Stafford to Stone – 9.3 miles (400.1 total)

Trent and Mersey Canal

John, Trevor and I all walked the short distance to Wolverhampton railway station this morning, but we were travelling in opposite directions. They were both headed south and home, I was going north back to Stafford to pick up where I left off yesterday. It took less than 15 minutes by rail to cover the 20 miles I walked the day before. Statistics like that can have you questioning your sanity.

Before I talk about the day’s walk I feel I must give a mention to an Indian Restaurant we found in Wolverhampton last night. Avid readers will by now have realised that I deliberately don’t comment on my accommodation, whether good, bad or indifferent. I’m just passing through, and they’re all trying to earn a living – the good ones will succeed without my endorsement. However, quite by chance, we stumbled upon a little gem of a place hidden in the city centre. The Indian food was some of the best that each of us had ever tasted and the prices were ridiculously cheap. Should you find yourself in Wolverhampton then Mystic Grill Dosa is well worth a visit.

The road walk out of Stafford took me past the war memorial then the prison. I remembered that the last time I was in Stafford we all met up at a pub on Gaol Road, but I assumed the name was historical, not current. After leaving the built-up area I followed a quiet country lane for a short time and then took a bridleway at Newbuildings Farm, passing through a number of fields to eventually connect with the Trent & Mersey Canal. There had been some very light rain when I exited Stafford railway station. As soon as I had waterproofed myself and my pack, predictably, the rain stopped and the day brightened up. It was always thus.
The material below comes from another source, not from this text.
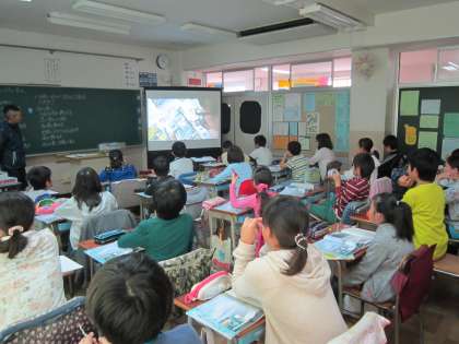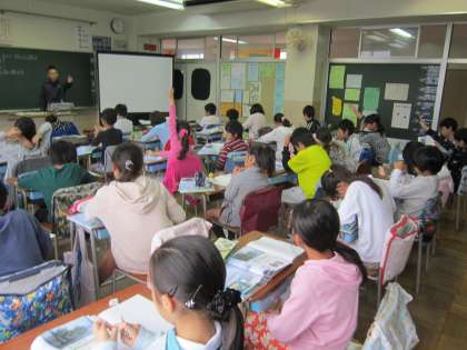 5年理科「台風と天気の変化」 台風が来ると天気はどう変わるか?自分の考えを発表したり、映像を見て学習したり、授業に集中していました。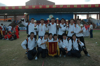 2005年10月2日至6日,第三届全国中学生“多威”学校杯田径锦标赛在浙江省温岭中学举行,来自国内48所重点中学的700多名田径运动员参加了本次盛会。皇冠体育21名田径运动员在领队方妍书记和教练王俊林老师的带领下参赛,经过运动员们的顽强拼搏,以4金10银2铜的优异成绩获得甲组团体总分第一名;男子甲组团体总分第一名;女子甲组团体总分第四名;乙组团体总分第七名;男子乙组团体总分第六名。其中,高0409班张丰同学、高0314班李金龙同学分别以46.40米和48.38秒打破女子标枪、男子400米赛会纪录。同时,皇冠体育还获得体育道德风尚奖。

My Bridleway path to the canal

Walking though the fields and along the canal towpath I was acutely aware of the wildlife and the farm animals, for some reason. There were young lambs in a sheep field – I’ve passed dozens of these scenes over the last 25 days – which made me stop and listen. I could hear the noise of wild geese, hidden from view by the high canal-side hedge. On the canal I spotted a duck swimming along with her 9 tiny ducklings.

Spring 1 – Mum and 2 lambs
Spring 2 – Mum and 9 ducklings

On the flip-side, dogs are starting to treat me with suspicion. Yesterday, Trevor, who was ahead of me, patted a dog at the side of a moored barge. As I passed, it just about had my leg off. The owner looked about as aggressive as his dog, but it would still have ended up in the canal if it had tried to bite. As the dog backed off I heard the owner shout towards us something about being mad and stupid… I’m not sure if the comment was aimed at me or his dog! The reason I remembered this, was that a similar thing happened today, but, thankfully, the dog was on a moving barge in the middle of the canal. It almost fell in the water, and I found myself wondering if dogs are good swimmers or was I safe. 99% of the dogs I’ve passed are docile and friendly, but that other 1% seem to pick on me. Just one of the hazards of walking, I suppose.

The canal followed the floor of the Trent Valley bringing me in to the centre of Stone and my destination for the day. I have now left the Birmingham/West Midlands influence behind and well and truly entered ‘Potteries’ country, hoping soon to be approaching Manchester. Today was a short day which allowed me to catch up on some washing and book future accommodation. Followers will note that this is the first day to end up less mileage than planned.

Tomorrow I head for Kidsgrove (Stoke Talke) where I will meet up with Peter B who is accompanying me for the next 8 days. So, I have only been on my own for one night this section. Pete is one of my oldest friends, it being the two of us and George who did that first Way Walk together, the West Highland Way, thirty years ago in 1988. Little did we know what that first adventure would lead to. Oh, and I’ve clocked up 400 miles.